PROBLEM: Return every record verbatim, omitting all pictures.
#####
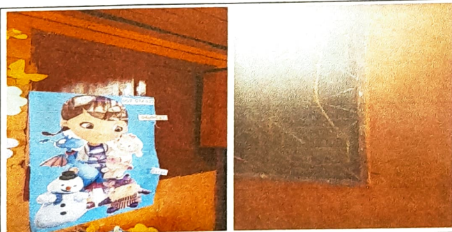
Foto 5: Ventanas de madera en mal estado para sustituir por metal con vidrio
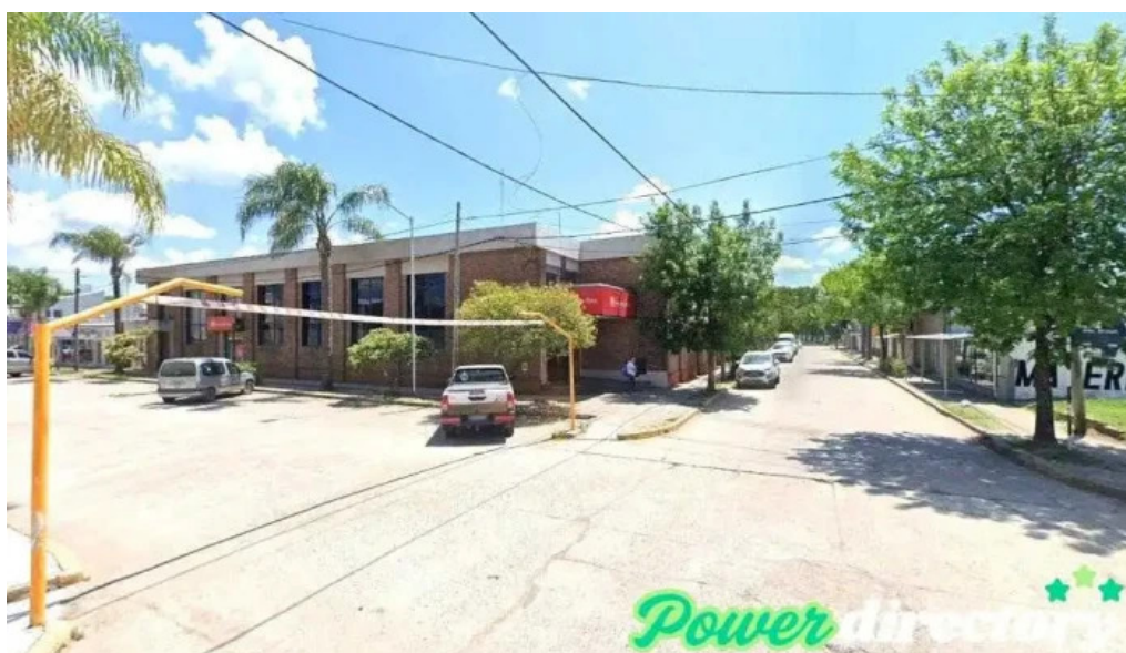
Banco entre ríos bovril
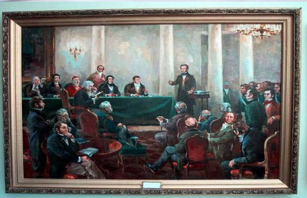
Защита Н.И.Пироговым докторской диссертации.
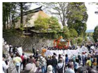
戸隠神社の式年大祭

戸隠神社では、数え年で7年に一度の丑と未の年に、式年大祭が行われます。期間中は、中社・宝光社間の神輿渡御をはじめ、太々神楽などの様々な伝統行事が催されます。
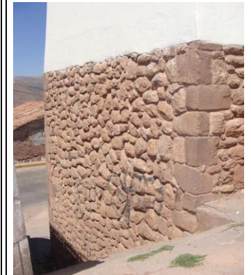
M70 DETALLE DE E.M11
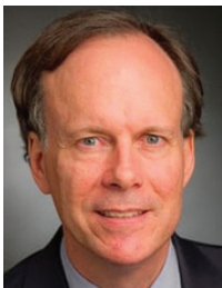
William G. Kaelin Jr
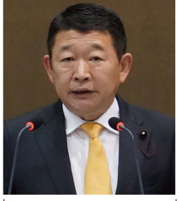
墨田区議会議員 たきざわ 正宜
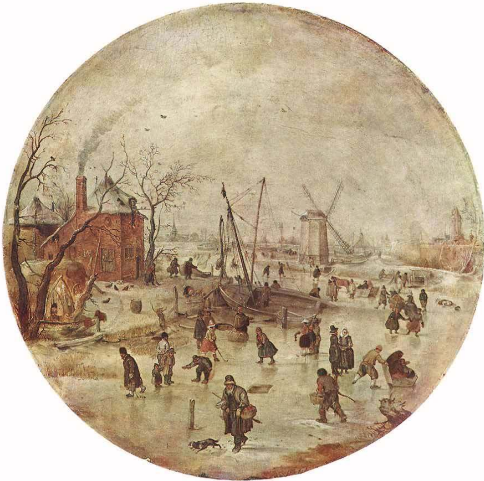
Hendrick Avercamp (1585-1634)
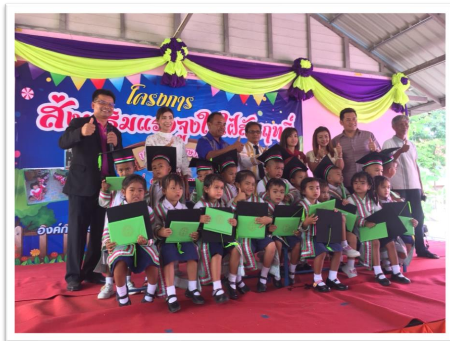
ร่วมสร้างกำลังใจให้นักเรียนที่สำเร็จการศึกษา ระดับก่อนปฐมวัย
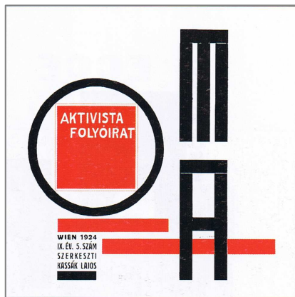
4. kép A Ma 1924-ben. Forrás: Kassák Lajos; Reklám és modern tipográfia . Kassák Múzeum, Bp. 37.

irat hátlapjára került a szerkesztő és a kiadó megnevezésével együtt; néhol maga a „tartalom” szó iniciálészerűen lett süllyesztve a folyó szövegbe. A képeket a szövegbe süllyesztve helyezték el az oldalon. Az azt körülvevő szegély a képszéltől
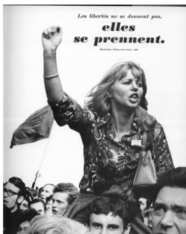
Плакат от май 1968, Париж
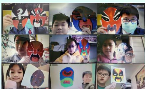
學生利用水彩壓印的方法，製作出軸對稱的面譜。
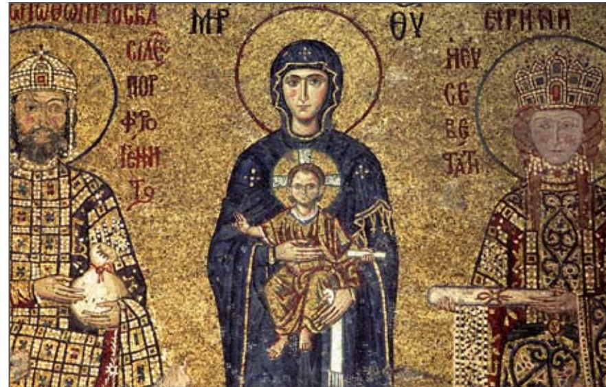
Die Hagia Sophia war aber nicht nur die größte Kirche ihrer Zeit, sie markiert auch den Beginn eines großen christlichen Reichs und den Beginn des Mittelalters überhaupt: Durch die Strahlkraft des Gebäudes wurde der Regierungsstil des

Im Jahre 521 n. Chr. ließ der oströmische Kaiser Justinian I. (482- 565 n. Chr.) nach zwei Großbränden an bereits bestehenden Kirchen in Konstantinopel auf der Brandstätte mitten in der Stadt ein riesenhaftes Gotteshaus errichten. Es sollte nach Justinians Plan die größte Kirche der Christenheit und der Welt werden, und dieser Plan sollte sich innerhalb von fünf Jahren realisieren lassen. Justinian, der Unsummen durch Weizengeschäfte mit hungernden ehemaligen weströmischen Provinzen verdient hatte, stiftete einen Großteil seines Privatvermögens und einen guten Teil der staatlichen Mittel Ostroms für dieses Projekt. Etwa 10.000 Arbeiter schufteten zwischen den Jahren 521 und 526 im Schichtbetrieb und stampften die größte Kirche aller Zeiten aus dem Boden. Sie erhielt den Namen Hagia Sophia und wurde innerhalb kurzer Zeit zu einem Symbol des christlichen Mittelalters und einem neuen Weltwunder.
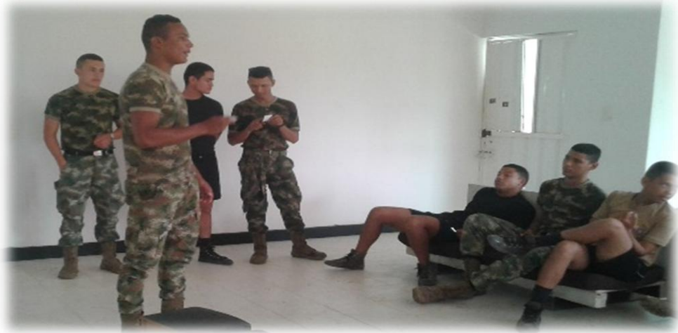
Ilustración 5 Infantes de Marina Regular de La Compañía de Seguridad Estación Naval Tierra Bomba

Acreditación Institucional de Alta Calidad Resolución 2583 del 26 de febrero de 2014. Ministerio de Educación Nacional
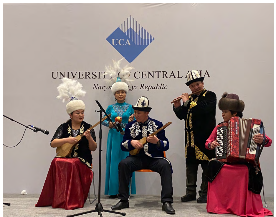
Ансамбль музыкальной школы в Нарыне исполняет музыку на инструментах разных культур на праздновании Навруза.

Кампус УЦА в Нарыне также провел показ мод, представляющий разнообразный студенческий состав кампуса. В Хорогском кампусе студенты, сотрудники и представители местного сообщества участвовали в соревновательных играх, включая борьбу, перетягивание каната и волейбол.
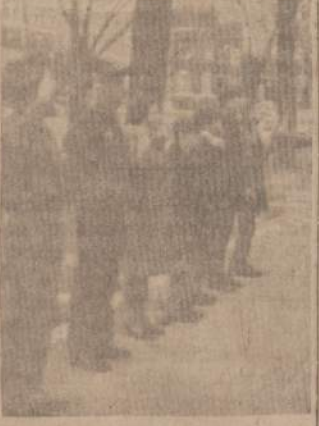
LIETUVOS VĒLIAVAI KYLANT PRIE KONSULATO

Nereikia net priminti, jog užperėitą sekmadienį šventėme Vasario Šešioliktąją, tačiau ne daugelis žino, kad tą dieną
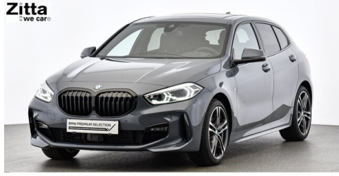
Zitta Betriebs GmbH - Wien - www.zitta.at
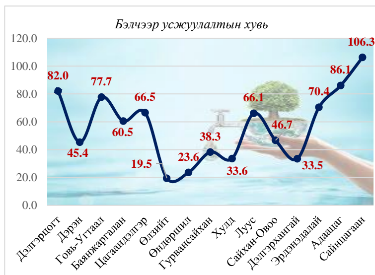
График № 3 3

Мөн мал угаалгын ванны хэрэгцээ шаардлагыг судлахад 12 суманд 29 мал угаалгын ванн дутагдалтай байна. Судалгааг график 3-аар харууллаа. Үүнд:
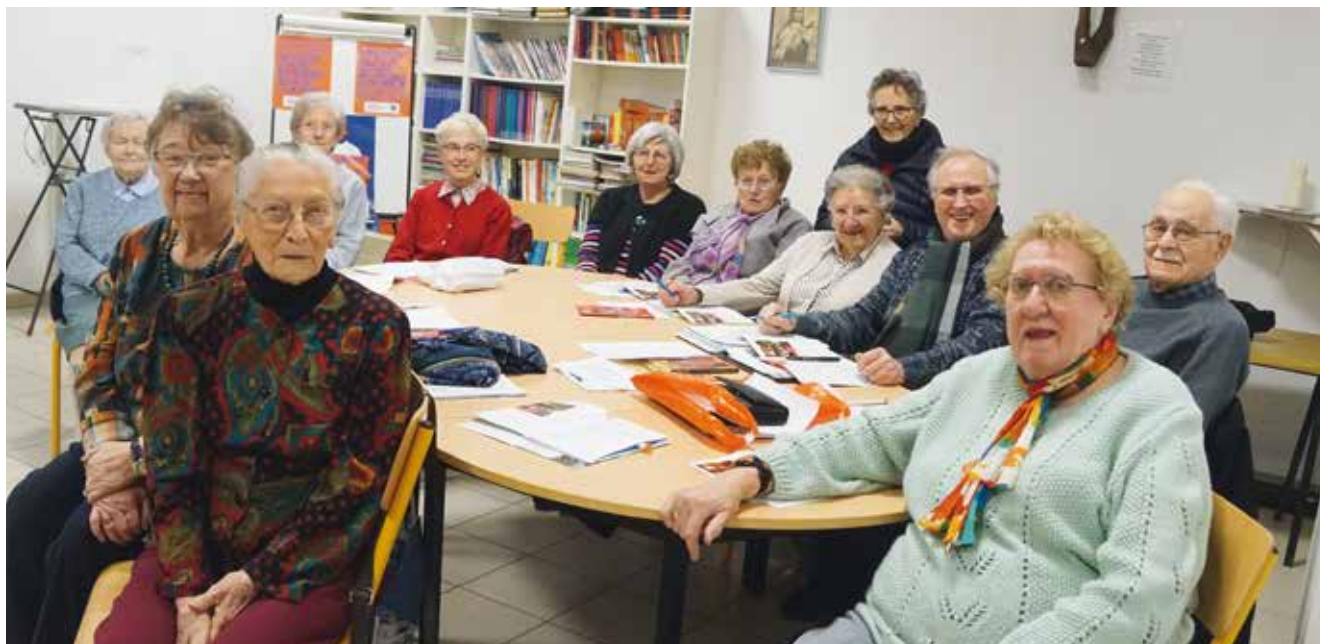
Une réunion du groupe MCR de Somain.
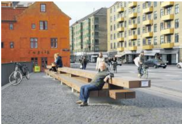
Billedhuggerbænken til søndagsrefleksion

på, at den bliver stående så mange kommende generationer kan nyde den lige så meget, som vi gør!
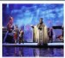
โชว์สามก๊ก

มหาศาลาประชานม / จตุรัสจางเทียนหนาน หลงช่าต้ง / ถนนท่าด่านเจี๋ย / สองเรือสำราญ แม่น้ำแยงซีเกียง โชว์สามก๊ก / สองแถบฮั่วกึ่งเสียบ / สองแถบตุเสียบ / บึงเรือเล็กชมต้นหน้ช ชมเขื่อนสามเสียบฉ่าป้า / บึงคิฟ่าฉ่าเขื่อนสามเสียบฉ่าป้า / พิพิธภัณฑ์เขื่อนสามเสียบ
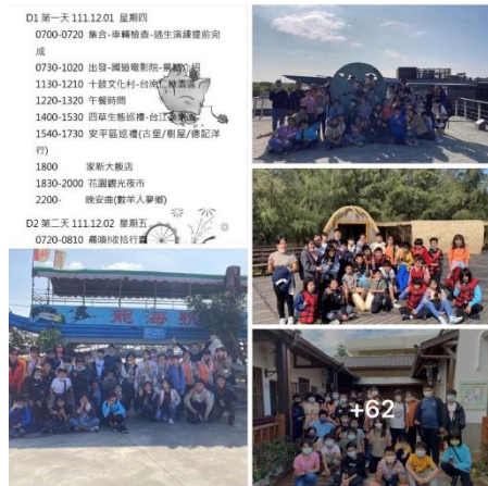
昶澤校長臉書分享(12月2日)
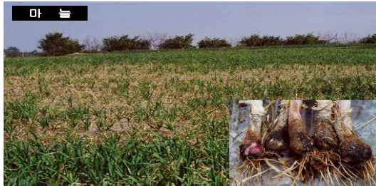
< 마늘 흑색썩음균핵병 >
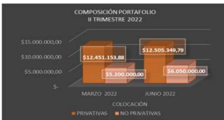
Cuadro Nro. 13

Elaborado por: Coordinación de Inversiones Privativas y No Privativas
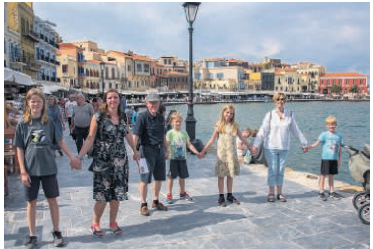
Familien samlet foran den venetianske havn i Chania.
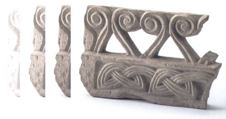
27.11. Die Wirren um die Fundstücke aus der Kathedrale Kantonsarchäologie
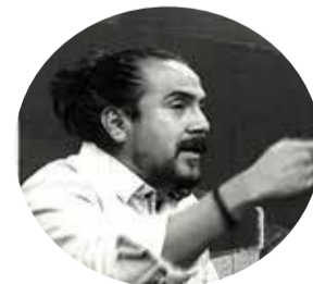
Por: Martín Moreira Analista Económico

El tercer factor identificado es el contrabando a la inversa, donde productos de Bolivia son llevados a países vecinos debido a los precios más bajos en el mercado boliviano. Este fenómeno reduce la oferta local y contribuye al aumento de precios.
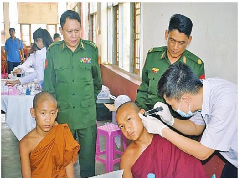
သံဃာတော်များအား အရှေ့မြောက်တိုင်းစစ်ဌာနချုပ် နယ်မြေခံဆေးကုသရေးအဖွဲ့ က ကျန်းမာရေးစောင့်ရှောက်မှုလုပ်ငန်းများ ဆောင်ရွက်ပေးနေမှုကို တာဝန်ရှိသူများက ကြည့်ရှုအားပေးစဉ်။
#####
RESPONSE AREA:
Foto 5: Ventanas de madera en mal estado para sustituir por metal con vidrio
Banco entre ríos bovril
Защита Н.И.Пироговым докторской диссертации.
戸隠神社の式年大祭

戸隠神社では、数え年で7年に一度の丑と未の年に、式年大祭が行われます。期間中は、中社・宝光社間の神輿渡御をはじめ、太々神楽などの様々な伝統行事が催されます。
M70 DETALLE DE E.M11
William G. Kaelin Jr
墨田区議会議員 たきざわ 正宜
Hendrick Avercamp (1585-1634)
ร่วมสร้างกำลังใจให้นักเรียนที่สำเร็จการศึกษา ระดับก่อนปฐมวัย
4. kép A Ma 1924-ben. Forrás: Kassák Lajos; Reklám és modern tipográfia . Kassák Múzeum, Bp. 37.

irat hátlapjára került a szerkesztő és a kiadó megnevezésével együtt; néhol maga a „tartalom” szó iniciálészerűen lett süllyesztve a folyó szövegbe. A képeket a szövegbe süllyesztve helyezték el az oldalon. Az azt körülvevő szegély a képszéltől
Плакат от май 1968, Париж
學生利用水彩壓印的方法，製作出軸對稱的面譜。
Die Hagia Sophia war aber nicht nur die größte Kirche ihrer Zeit, sie markiert auch den Beginn eines großen christlichen Reichs und den Beginn des Mittelalters überhaupt: Durch die Strahlkraft des Gebäudes wurde der Regierungsstil des

Im Jahre 521 n. Chr. ließ der oströmische Kaiser Justinian I. (482- 565 n. Chr.) nach zwei Großbränden an bereits bestehenden Kirchen in Konstantinopel auf der Brandstätte mitten in der Stadt ein riesenhaftes Gotteshaus errichten. Es sollte nach Justinians Plan die größte Kirche der Christenheit und der Welt werden, und dieser Plan sollte sich innerhalb von fünf Jahren realisieren lassen. Justinian, der Unsummen durch Weizengeschäfte mit hungernden ehemaligen weströmischen Provinzen verdient hatte, stiftete einen Großteil seines Privatvermögens und einen guten Teil der staatlichen Mittel Ostroms für dieses Projekt. Etwa 10.000 Arbeiter schufteten zwischen den Jahren 521 und 526 im Schichtbetrieb und stampften die größte Kirche aller Zeiten aus dem Boden. Sie erhielt den Namen Hagia Sophia und wurde innerhalb kurzer Zeit zu einem Symbol des christlichen Mittelalters und einem neuen Weltwunder.
Ilustración 5 Infantes de Marina Regular de La Compañía de Seguridad Estación Naval Tierra Bomba

Acreditación Institucional de Alta Calidad Resolución 2583 del 26 de febrero de 2014. Ministerio de Educación Nacional
Ансамбль музыкальной школы в Нарыне исполняет музыку на инструментах разных культур на праздновании Навруза.

Кампус УЦА в Нарыне также провел показ мод, представляющий разнообразный студенческий состав кампуса. В Хорогском кампусе студенты, сотрудники и представители местного сообщества участвовали в соревновательных играх, включая борьбу, перетягивание каната и волейбол.
LIETUVOS VĒLIAVAI KYLANT PRIE KONSULATO

Nereikia net priminti, jog užperėitą sekmadienį šventėme Vasario Šešioliktąją, tačiau ne daugelis žino, kad tą dieną
Zitta Betriebs GmbH - Wien - www.zitta.at
График № 3 3

Мөн мал угаалгын ванны хэрэгцээ шаардлагыг судлахад 12 суманд 29 мал угаалгын ванн дутагдалтай байна. Судалгааг график 3-аар харууллаа. Үүнд:
Une réunion du groupe MCR de Somain.
Billedhuggerbænken til søndagsrefleksion

på, at den bliver stående så mange kommende generationer kan nyde den lige så meget, som vi gør!
โชว์สามก๊ก

มหาศาลาประชานม / จตุรัสจางเทียนหนาน หลงช่าต้ง / ถนนท่าด่านเจี๋ย / สองเรือสำราญ แม่น้ำแยงซีเกียง โชว์สามก๊ก / สองแถบฮั่วกึ่งเสียบ / สองแถบตุเสียบ / บึงเรือเล็กชมต้นหน้ช ชมเขื่อนสามเสียบฉ่าป้า / บึงคิฟ่าฉ่าเขื่อนสามเสียบฉ่าป้า / พิพิธภัณฑ์เขื่อนสามเสียบ
昶澤校長臉書分享(12月2日)
< 마늘 흑색썩음균핵병 >
Cuadro Nro. 13

Elaborado por: Coordinación de Inversiones Privativas y No Privativas
Familien samlet foran den venetianske havn i Chania.
27.11. Die Wirren um die Fundstücke aus der Kathedrale Kantonsarchäologie
Por: Martín Moreira Analista Económico

El tercer factor identificado es el contrabando a la inversa, donde productos de Bolivia son llevados a países vecinos debido a los precios más bajos en el mercado boliviano. Este fenómeno reduce la oferta local y contribuye al aumento de precios.
သံဃာတော်များအား အရှေ့မြောက်တိုင်းစစ်ဌာနချုပ် နယ်မြေခံဆေးကုသရေးအဖွဲ့ က ကျန်းမာရေးစောင့်ရှောက်မှုလုပ်ငန်းများ ဆောင်ရွက်ပေးနေမှုကို တာဝန်ရှိသူများက ကြည့်ရှုအားပေးစဉ်။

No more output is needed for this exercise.